Two years have passed since “Ong Bak”, which became an international sensation. The acclaim has given Jaa, director Prachya Pinkaew and stunt coordinator Panna Ritthikrai a reason to try and aim higher and do more. Though the stunts and fighting are still breathtaking, the spicy action is watered down by a convoluted, preachy story. It’s been diluted for international tastes. The title, while having an actual connection to the story, announces the movie as just another product in Thailand Inc's marketing blitz.
There’s an international cast as well, including Chinese ballet dancer Jing Xing as the lead villain, with Spider-Man stunt double Johnny Nguyen and Australian strongman Nathan Jones as henchmen.
Thai stars include Ong Bak comic relief Petchtai “Mum Jok Mok” Wongkamlao, this time as a cop, and stunning leading lady Bongkote “Tak” Kongmalai (Ai Fak, Bangrajan)

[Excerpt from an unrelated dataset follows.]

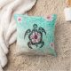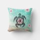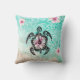 A stylised tribal turtle design with intricate patterns is centred on a turquoise background, surrounded by delicate pink hibiscus flowers. The scene evokes a fun, beachy feel with its blend of nature-inspired elements.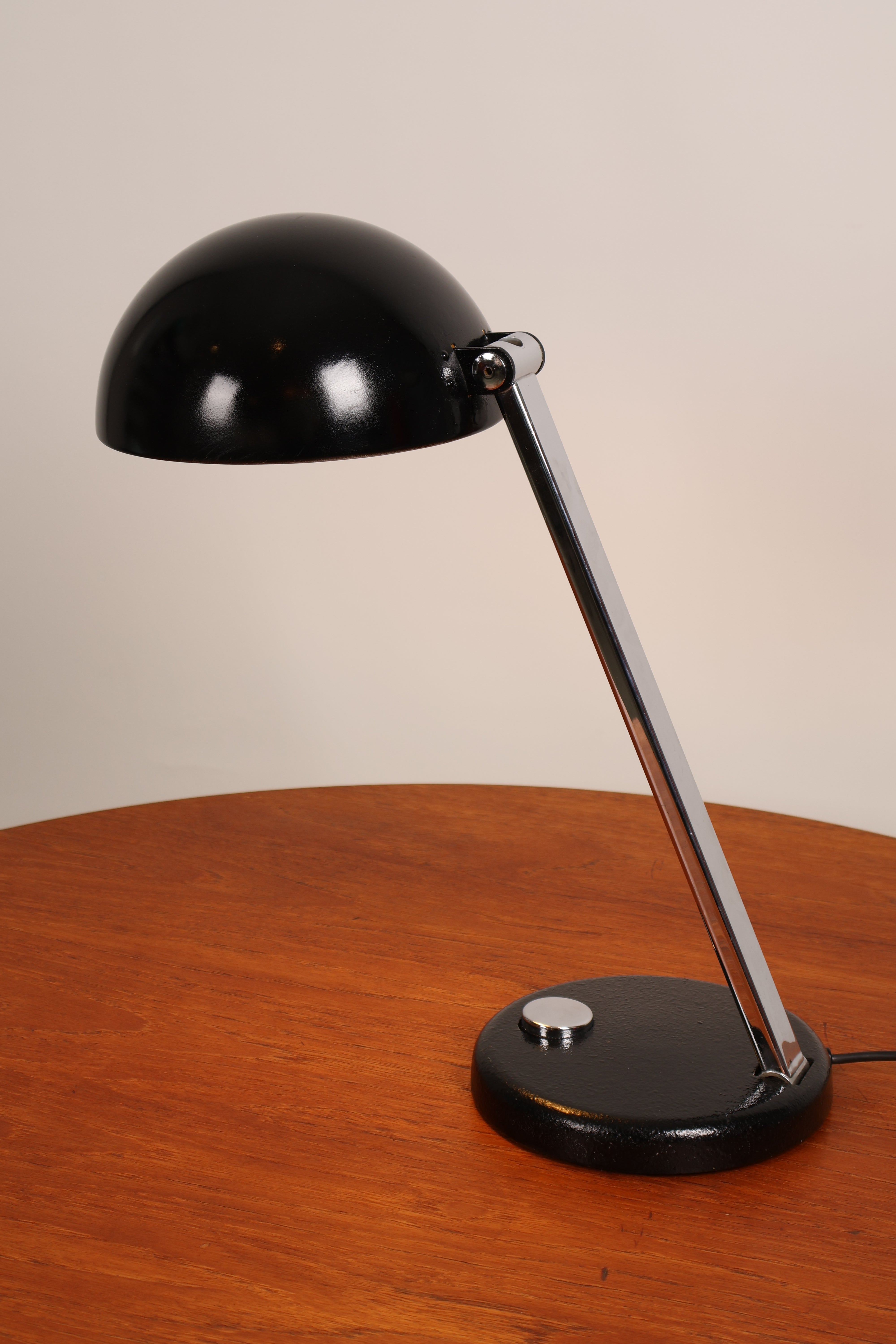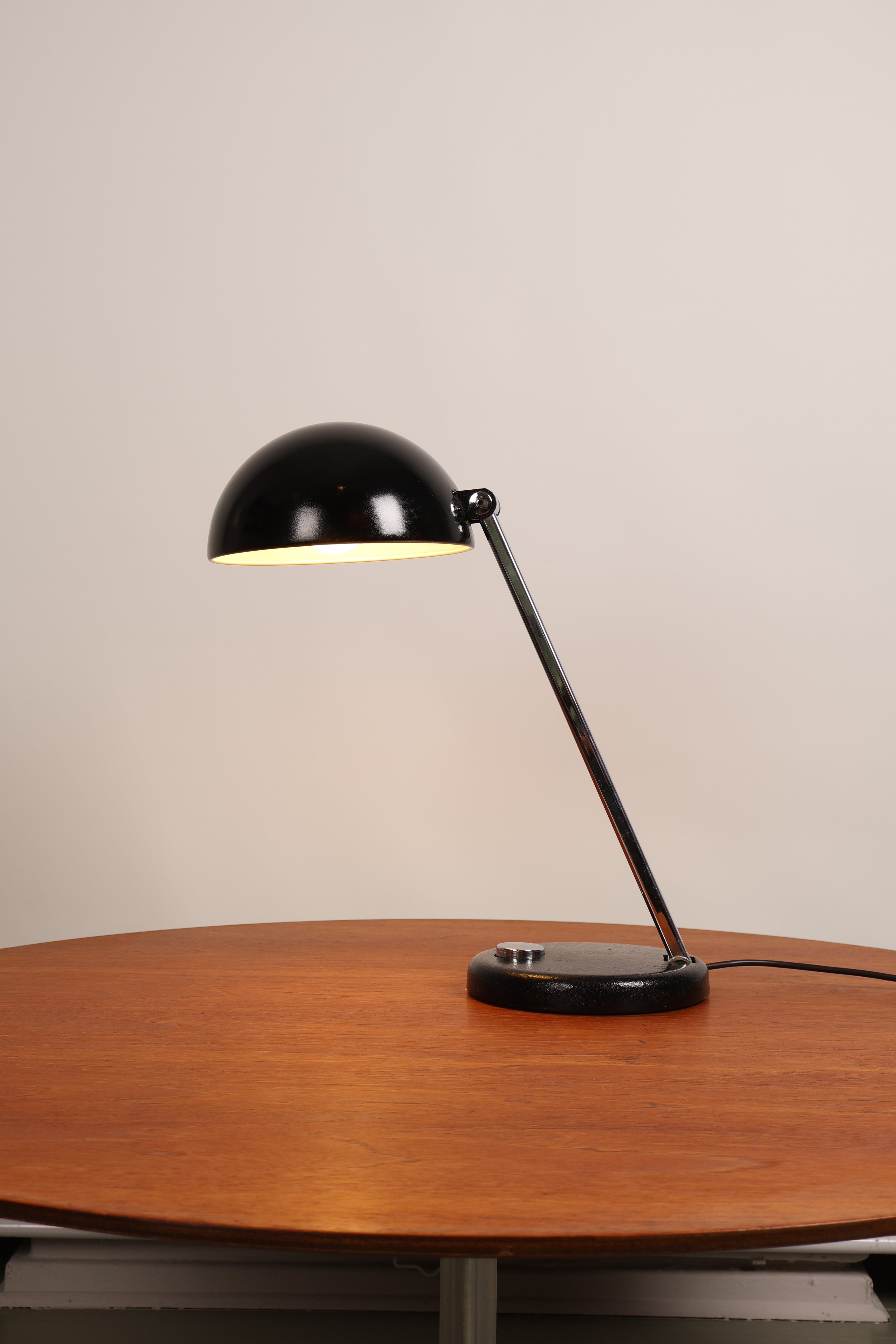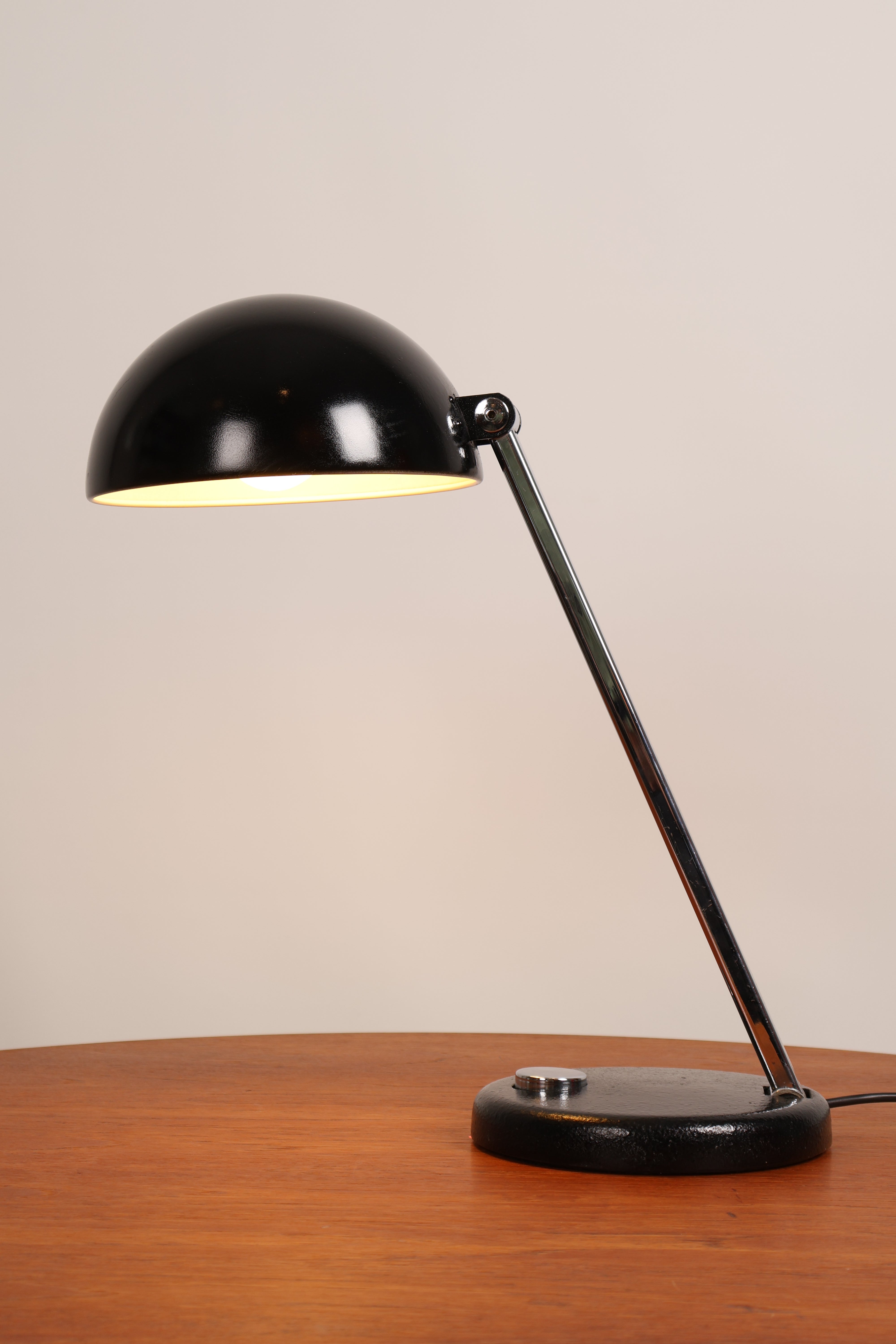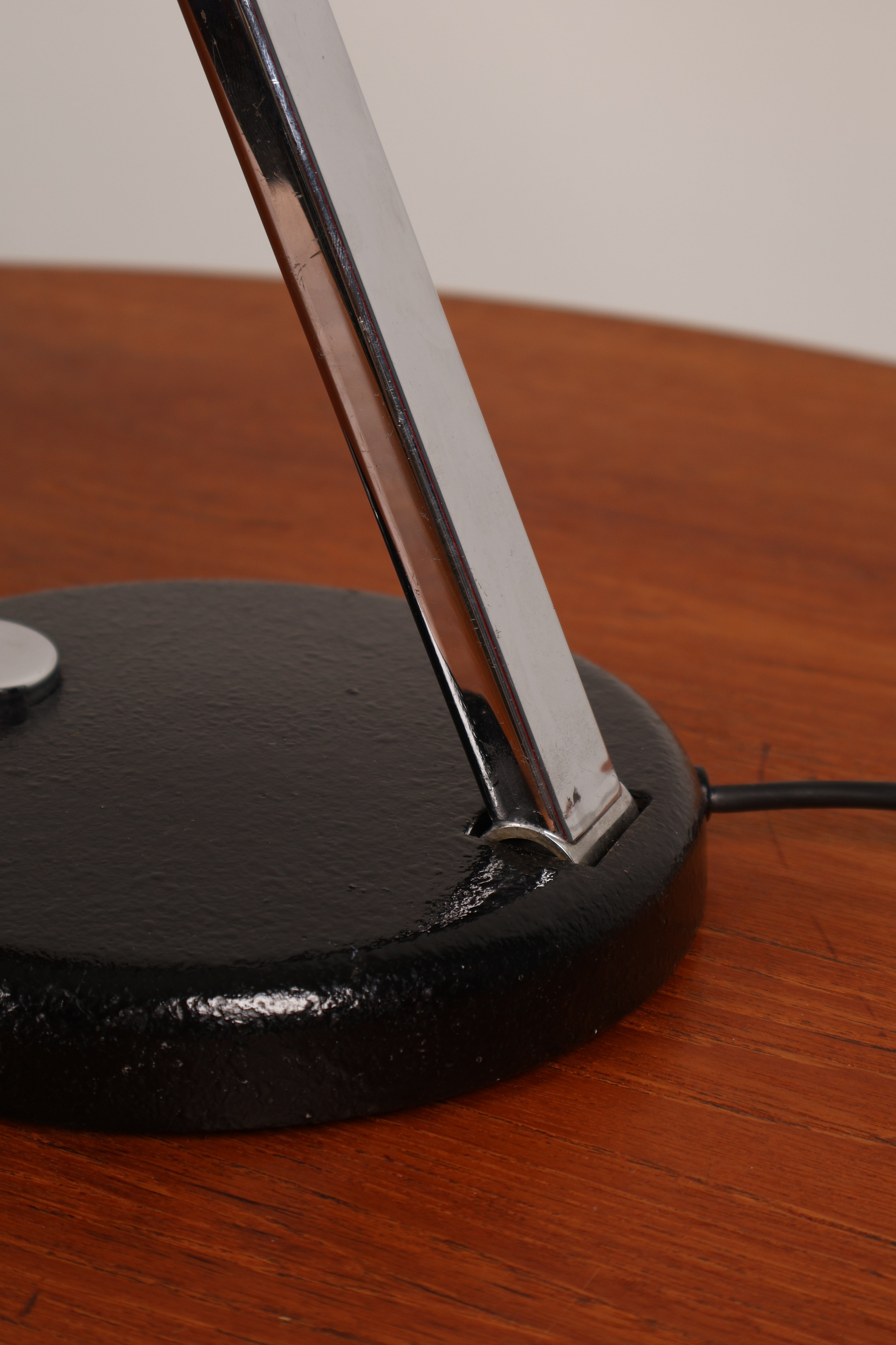 Tischlampe aus den 70er-Jahren für Hillebrand. Hergestellt in Deutschland. Gefertigt aus Metall. Höhe 48 cm, Breite 36 cm, Tiefe 22 cm.

The story begins poetically and reverently, with Kham growing up with elephants and being taught by his father all the lore about these great beasts – how to protect them and fight like them. Then, amidst the Songkran celebration and an elephant roundup, things go awry and Kham’s father’s bull elephant, Por Yai, and a calf, Korn, are stolen.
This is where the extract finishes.